[Activity] Please return each entry that follows exactly as written, and keep the pictures out.

[Record extracts]

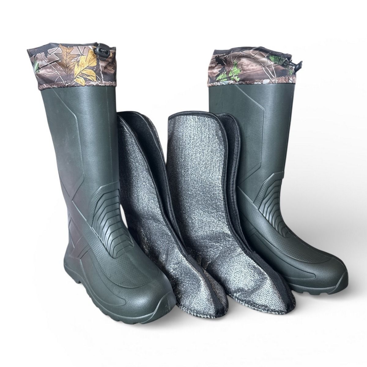 Чоботи комплектуються фольгованим вкладишем (шкарпетка). Вкладиш зроблений з багатошарового сендвіча, який працює на захист від холоду, збереження тепла тіла, виведення вологи і зручність руху. З його допомогою можна перетворити звичайні гумові чоботи на утеплене зимове взуття.
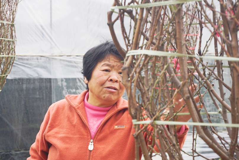 提到挑桃花的技巧,黎姨说:“全看‘眼缘’。”首先看树形,枝条排列要均匀;其次是花蕾分布不要太密,尽量挑选花蕾较多、较大,排列较为整齐的桃花;最后是花色,颜色鲜红则品质好。
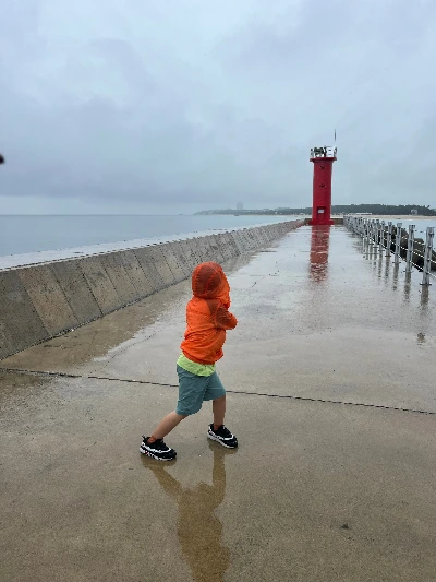 서울 사람 서울 구경하지 않는다는 말처럼 동네가 어떻게 생겼는지 알지 못했다. 자주 가는 마트나 음식점 한두 군데만 알았을 뿐. 멀리 가기 어려운 날씨, 여행이 시들해진 지금에야 가까운 곳 둘러볼 생각이 들었다. 우산 쓰고 언덕에 있는 나 홀로 아파트를 지나 밭과 밭 사이 샛길을 걸었다. 바닷가에서 얼마 떨어지지 않았으나 산골짜기에 있는 느낌이었다. 도로에서 떨어진 작은 숲이 있는 이쪽 숙소에 묵었다면 지금까지와 다른 전원생활일 듯했다. 해안도로를 따라가는 길 텐트 야영을 했던 연곡해변이 보였다. 오늘 저녁 역시 그곳에서 보낼까 하다 즐기는 시간에 비해 번거로운 게 많아 그만두었다. 반대편 영진해변 방파제 끝으로 등대가 눈에 들어왔다. 몇 번 낚시한 곳이라는 말에 호기심 생긴 아내와 함께 가까이 갔다. 등대는 모두 왜 빨간색일까? 청회색 하늘과 바다 가운데 가장 두드러지는 색깔이기 때문인지 모른다.
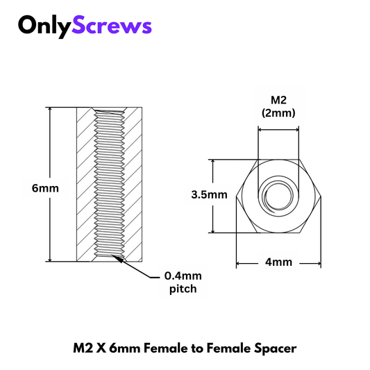 M2 X 6mm Female to Female Brass with Nickel plating Hex Threaded Standoff Spacer
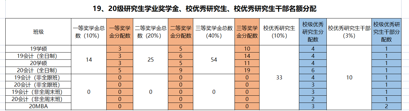 硕士研究生国家奖学金名额为3个(含体育学院)、学业奖学金一等、二等、三等各14个、25个、54个,校优秀研究生33个、校优秀研究生干部10个,现将研究生学业奖学金、校优秀研究生、校优秀研究生干部名额分配如下:
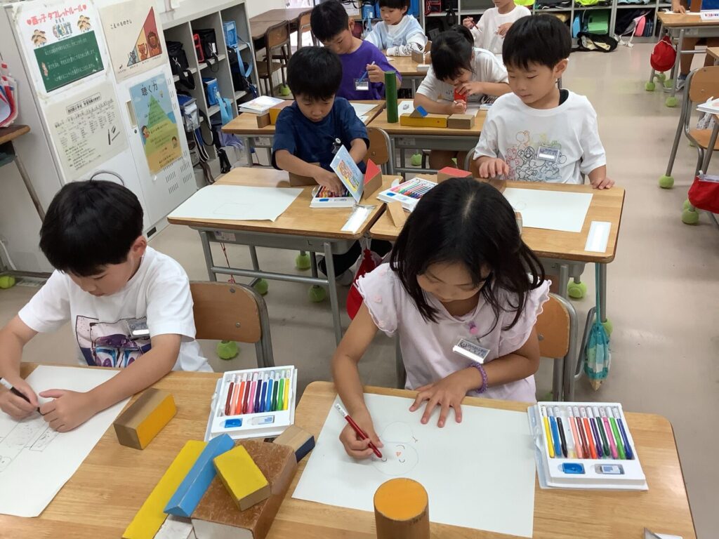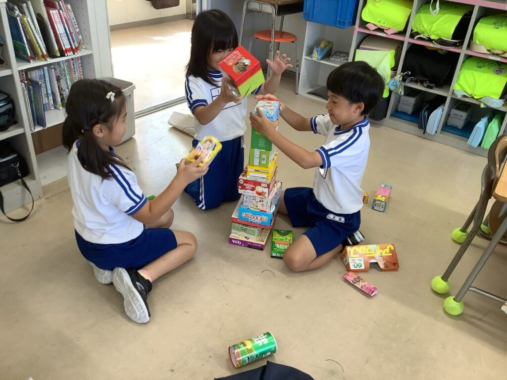 算数の学習で、身の回りにある形を仲間分けしたり、高く積んだり組み合わせて形を作ったりすることを通して、立体図形について学んでいます。箱の形から、四角や丸といった形の違いや、平らな面があることに気づくことができました。自由に発想しながら、楽しく学習する様子が見られます。おうちの方から空き箱の準備にたくさんご協力いただき、ありがとうございました。
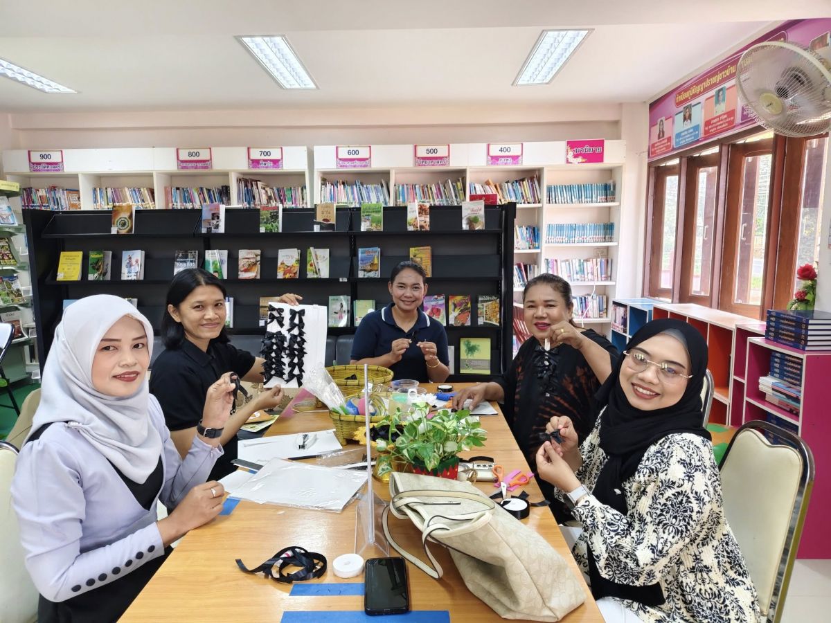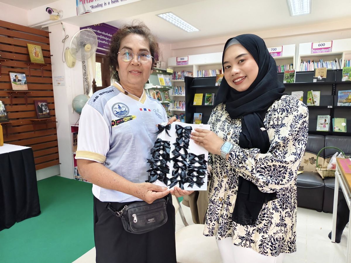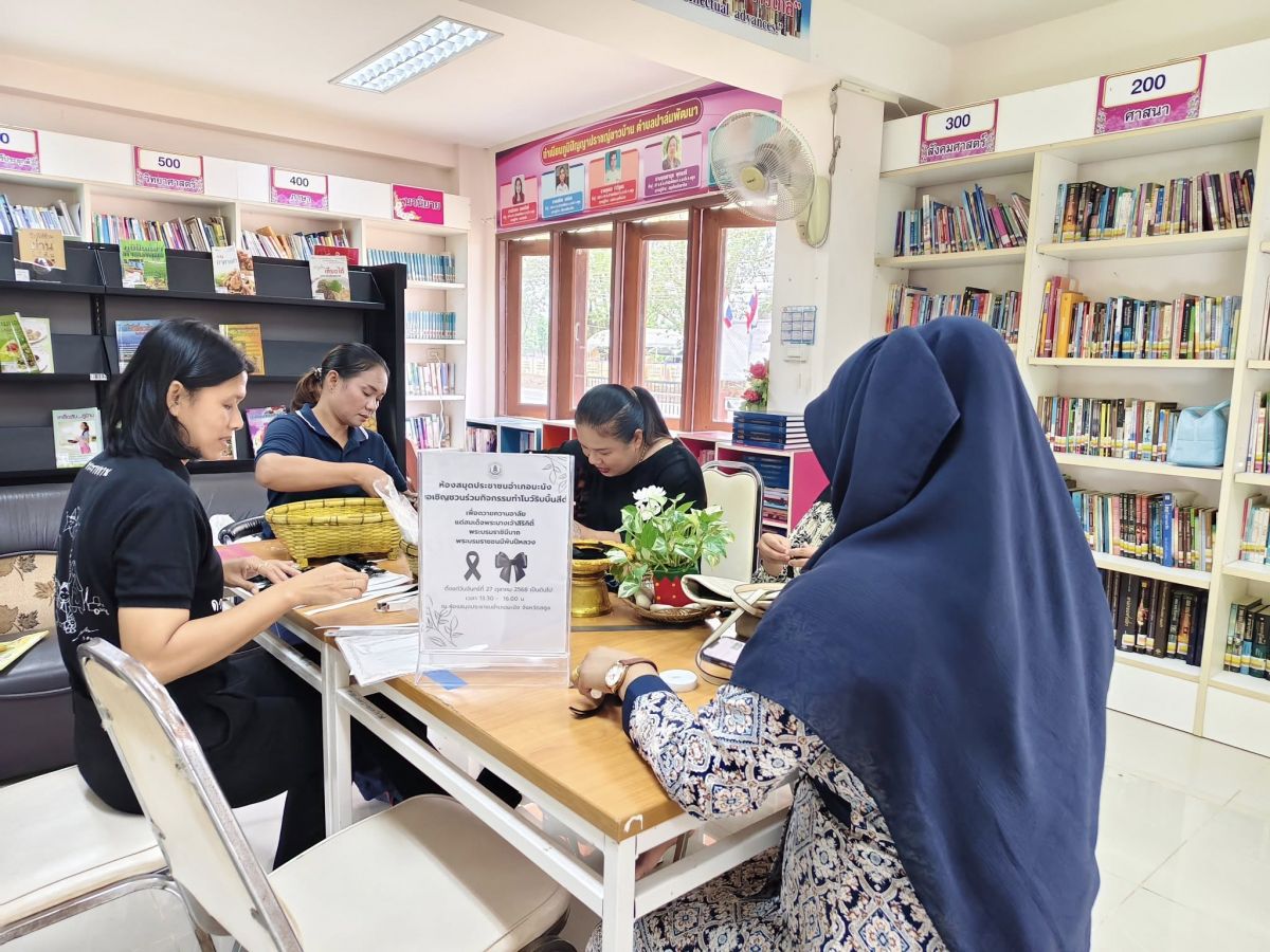ห้องสมุดประชาชนอำเภอมะนัง ดำเนินการจัดทำเข็มกลัดโบว์สีดำเพื่อถวายความอาลัยแด่สมเด็จพระนางเจ้าสิริกิติ์ พระบรมราชินีนาถ พระบรมราชิชนนีพันปีหลวง
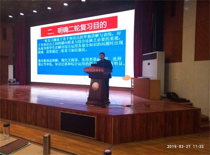 26日下午,首先由潍坊市语文教研员杜殿收老师对潍坊市一模考试进行分析,重点对一模试题命题思路和学生答卷出现的问题进行详细说明,并对高三二轮复习提出指导意见。
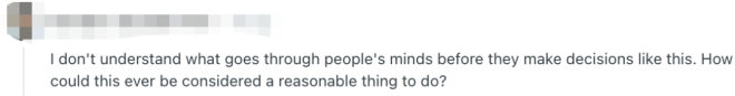 另一条评论则从常识角度表达困惑:“我真的无法理解,人们在做出这种决定前脑子里在想什么?这怎么可能被认为是合理的行为?”

[Finished exercise]
 Чоботи комплектуються фольгованим вкладишем (шкарпетка). Вкладиш зроблений з багатошарового сендвіча, який працює на захист від холоду, збереження тепла тіла, виведення вологи і зручність руху. З його допомогою можна перетворити звичайні гумові чоботи на утеплене зимове взуття.
 提到挑桃花的技巧,黎姨说:“全看‘眼缘’。”首先看树形,枝条排列要均匀;其次是花蕾分布不要太密,尽量挑选花蕾较多、较大,排列较为整齐的桃花;最后是花色,颜色鲜红则品质好。
 서울 사람 서울 구경하지 않는다는 말처럼 동네가 어떻게 생겼는지 알지 못했다. 자주 가는 마트나 음식점 한두 군데만 알았을 뿐. 멀리 가기 어려운 날씨, 여행이 시들해진 지금에야 가까운 곳 둘러볼 생각이 들었다. 우산 쓰고 언덕에 있는 나 홀로 아파트를 지나 밭과 밭 사이 샛길을 걸었다. 바닷가에서 얼마 떨어지지 않았으나 산골짜기에 있는 느낌이었다. 도로에서 떨어진 작은 숲이 있는 이쪽 숙소에 묵었다면 지금까지와 다른 전원생활일 듯했다. 해안도로를 따라가는 길 텐트 야영을 했던 연곡해변이 보였다. 오늘 저녁 역시 그곳에서 보낼까 하다 즐기는 시간에 비해 번거로운 게 많아 그만두었다. 반대편 영진해변 방파제 끝으로 등대가 눈에 들어왔다. 몇 번 낚시한 곳이라는 말에 호기심 생긴 아내와 함께 가까이 갔다. 등대는 모두 왜 빨간색일까? 청회색 하늘과 바다 가운데 가장 두드러지는 색깔이기 때문인지 모른다.
 M2 X 6mm Female to Female Brass with Nickel plating Hex Threaded Standoff Spacer
 硕士研究生国家奖学金名额为3个(含体育学院)、学业奖学金一等、二等、三等各14个、25个、54个,校优秀研究生33个、校优秀研究生干部10个,现将研究生学业奖学金、校优秀研究生、校优秀研究生干部名额分配如下:
 算数の学習で、身の回りにある形を仲間分けしたり、高く積んだり組み合わせて形を作ったりすることを通して、立体図形について学んでいます。箱の形から、四角や丸といった形の違いや、平らな面があることに気づくことができました。自由に発想しながら、楽しく学習する様子が見られます。おうちの方から空き箱の準備にたくさんご協力いただき、ありがとうございました。
ห้องสมุดประชาชนอำเภอมะนัง ดำเนินการจัดทำเข็มกลัดโบว์สีดำเพื่อถวายความอาลัยแด่สมเด็จพระนางเจ้าสิริกิติ์ พระบรมราชินีนาถ พระบรมราชิชนนีพันปีหลวง
 26日下午,首先由潍坊市语文教研员杜殿收老师对潍坊市一模考试进行分析,重点对一模试题命题思路和学生答卷出现的问题进行详细说明,并对高三二轮复习提出指导意见。
 另一条评论则从常识角度表达困惑:“我真的无法理解,人们在做出这种决定前脑子里在想什么?这怎么可能被认为是合理的行为?”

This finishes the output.